Наверх
Заметки

Белоруссия: изнутри забастовки на ТВ

Ольга Тимофеева-Глазунова, минский дневник. Часть 1
20.08.2020
Вот вчера очередной молодой чиновник уволился из администрации президента Республики Беларусь. Пишет, что не может закрывать глаза на незаконные задержания и насилие. Тут, конечно, все сразу спросят: а что же раньше-то закрывал? Как и про белорусское телевидение спрашивают — чего же раньше врали, а теперь вдруг — не хотят врать?

Забастовку на белорусском ТВ начали технические работники — операторы и видеоинженеры. Ультиматум выдвинули в пятницу, и суть его была в том, чтобы с понедельника начать выпускать честные новости. Ведущие новостей и журналисты еще работали, как всегда.
В воскресенье Лукашенко выступил перед людьми, привезенными на один день на митинг в Минск. Он пугал их «натовскими войсками» и танками, которые «лязгают гусеницами». 
Но людей только что побили не натовские войска, а собственные омоновцы. 
«Помните: я никогда вас не предавал, никогда! И я вас никогда не предам!» — говорил он людям на площади.

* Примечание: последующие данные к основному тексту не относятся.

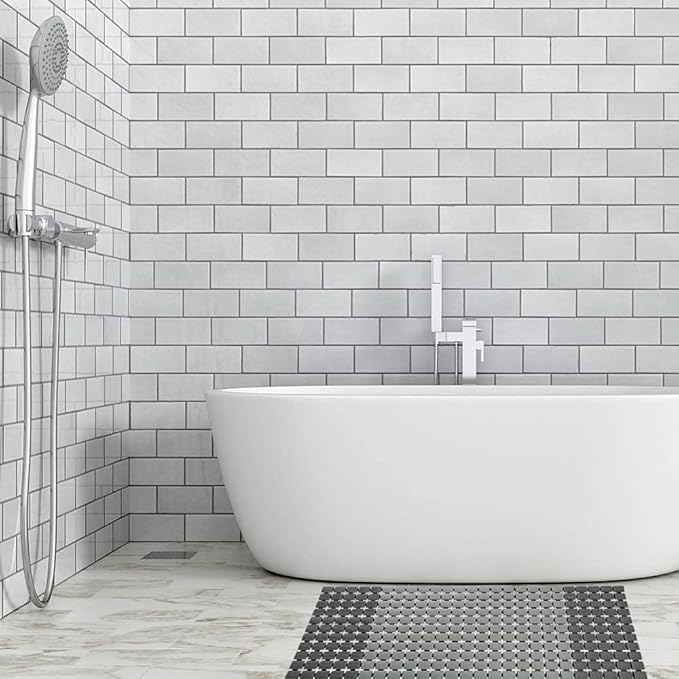 - ππππ πππ ππππππ: This design not only practical but also beautiful.The stylish neutral colors fits your home decor gorgeously,dark gray light gray color matching increase visual hierarchy and gives your bathroom design a cozy and modern look.The clever design with drain hole slotted panels allowing water and soapy water to quickly pass through the drain holes,instead of gathering around the feet,make the mat keep clean,roll it up and stand on the edge can quick dry.
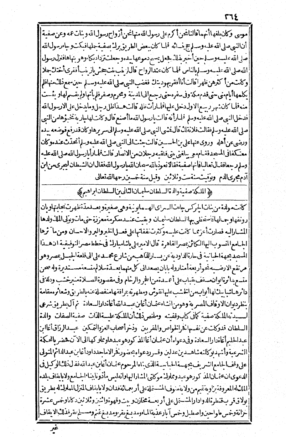 وروى عنها علي بن الحسين قالت: جئت إلى النبي صلى الله عليه وسلم أتحدث عنده وكان معتكفا في المسجد فقام معي يبلغني بيتي فلقيه رجلان من الأنصار قالت: فلما رأيا رسول الله صلى الله عليه وسلم رجعا فقال: (تعاليا فإنها صفية) . فقالا: نعوذ بالله سبحان الله يا رسول الله! فقال: (إن الشيطان ليجري من ابن آدم مجرى الدم) . وتوفيت سنة ست وثلاثين. وقيل: سنة خمسين - رحمها الله تعالى.
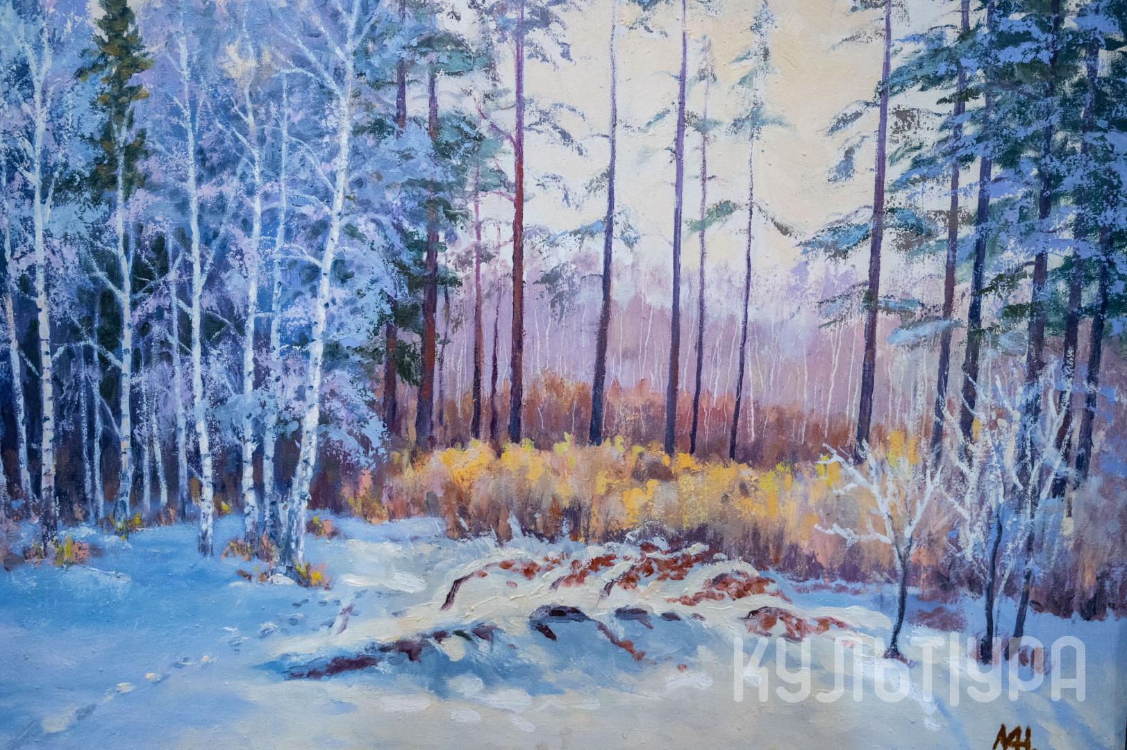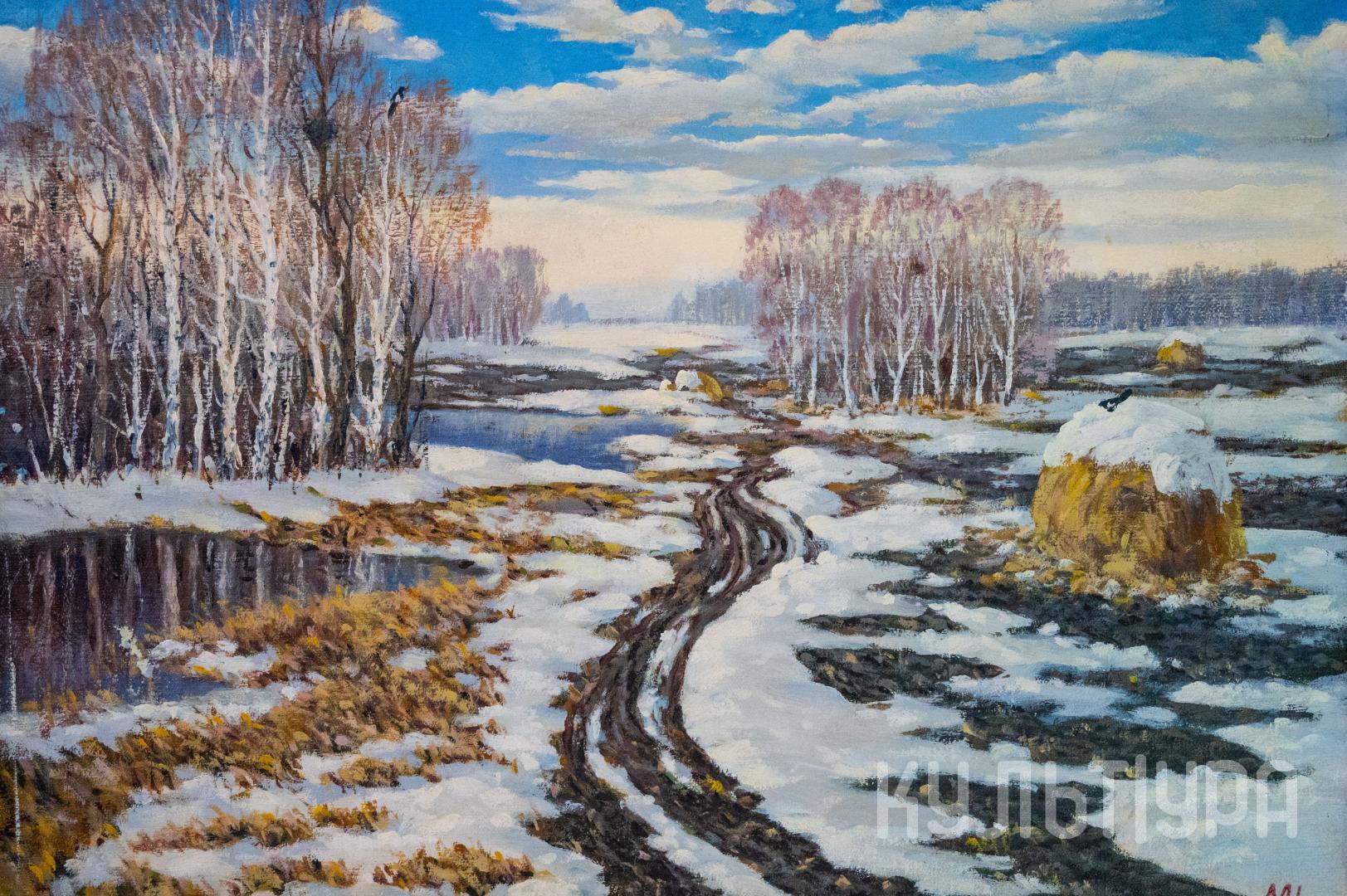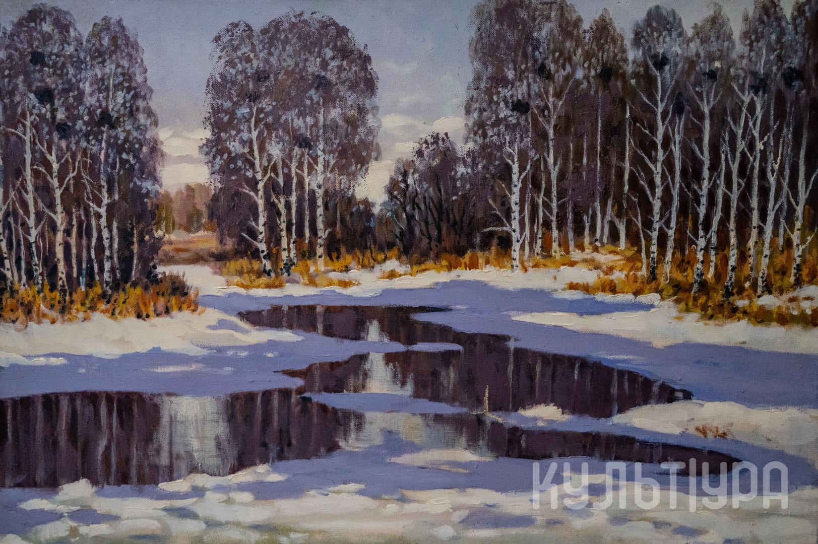 Непосредственностью восприятия натуры отличаются картины в технике масляной живописи: «На Иртыше» (1995), «Весна» (2004), «Снегири» (2002).
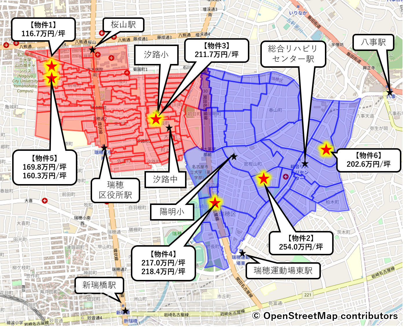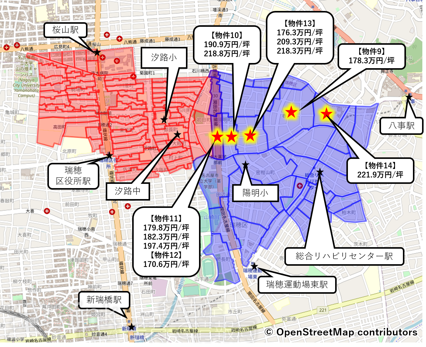 - 瑞穂区役所駅-桜山駅のラインより西側は比較的お値打ちな設定で170万円/坪以下
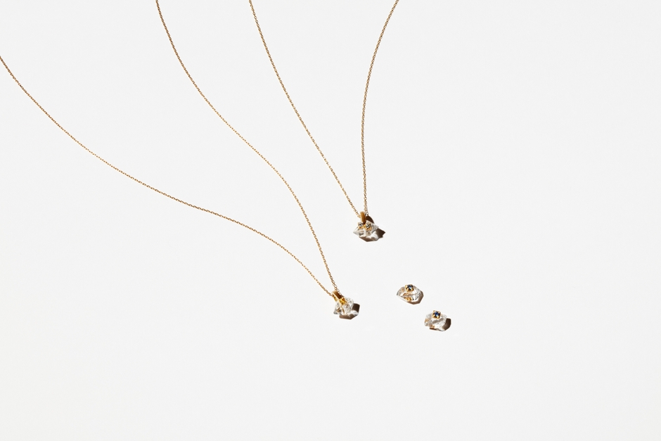 スリランカのラトゥナプラで採掘からカット・研磨に至るまで一貫して行われた、流通過程において透明性のあるサファイアをハーキマーダイヤモンドクォーツにあしらったジュエリーです。
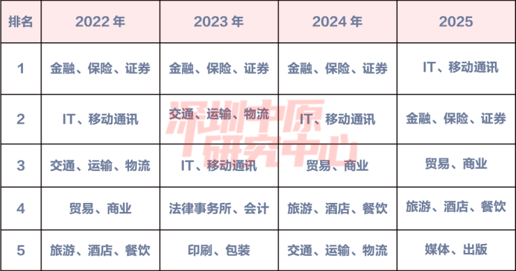 2025年IT、移动通讯行业购房者以略微优势反超金融、保险、证券行业占据第一;金融、保险、证券行业位居第二;贸易、商业行业连续两年位居第三;媒体、出版行业2022年后首进前五。
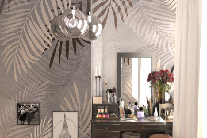 Интерьер спальни. Стол для макияжа. Ключевые слова: #Интерьер, #3DsMax, #V-ray, #Interior, #Light Interior, #Архитектурная визуализация, #Kitchen. #Архвиз, #Визуализация, #Modern style interior. #Bedroom interior, #Makeup table.
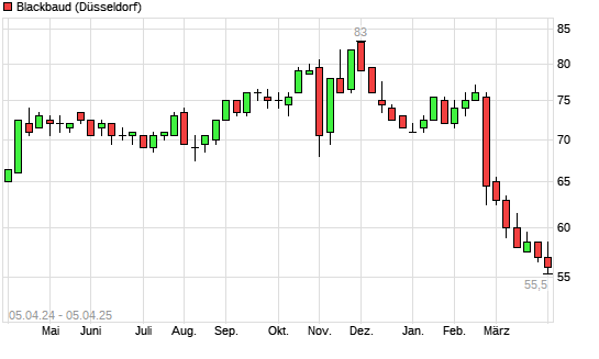 Mit dem Rücksetzer auf 56,00 EUR hat die Blackbaud-Aktie (ISIN US09227Q1004) am 04.04.2025 ein neues 12-Monats-Tief erreicht und damit den Kurs vom 03.04.2025 eingestellt.
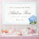 Dieses Vinyl-Banner-Zeichen ist ein charmantes Detail für ein Brautparty oder Verlobung Feiern der Braut zu sein. Vier Zeilen Text in eleganten Schriftart sind leicht zu personalisieren, während eine weiche blaue Hydrangea-Blume und einfache Linie Rand eine Touch von großen Jahrtausende und Hütte Garten Flair.
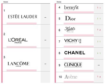 雅诗兰黛、巴黎欧莱雅和兰蔻仍然稳坐头三把交椅

«А этот момент солидарности — до слез», — комментировали в телевизоре ведущие.

В понедельник рабочие решили идти на ТВ, чтобы потребовать правды. Заводы заходили друг за другом, вызывали у проходных: «Вы-хо-ди!» — и шли все разрастающейся колонной. К двум часам дня они прошли 25 километров и встали под окнами телекомпании.

Внутри в это время разворачивалась своя драма. Собравшись утром всем коллективом, в редакции новостей решили снять честный репортаж. Устроили свободный микрофон, и все предлагали темы. Хотели поехать в Жодино и на Окрестина — в изоляторы, где содержатся люди, или в больницу скорой помощи, где лежат пострадавшие от «хапуна».
Но тут председателю Белтелерадиокомпании Ивану Эйсмонту позвонили. Положив трубку, он сказал, что репортаж отменяется, и дал сотрудникам 30 минут, чтобы решить: жить как всегда или уходить.

Пока люди сидели в стенах БТ, мир снаружи стремительно менялся: под окнами стоял митинг, который не стыдил, не обвинял и не позорил их, работающих на государственном телевидении, а говорил с ними, приободрял, показывал, объяснял, звал за собой, поддерживал. Эти люди пришли к ним с любовью. Жить «как всегда» стало уже стыдно.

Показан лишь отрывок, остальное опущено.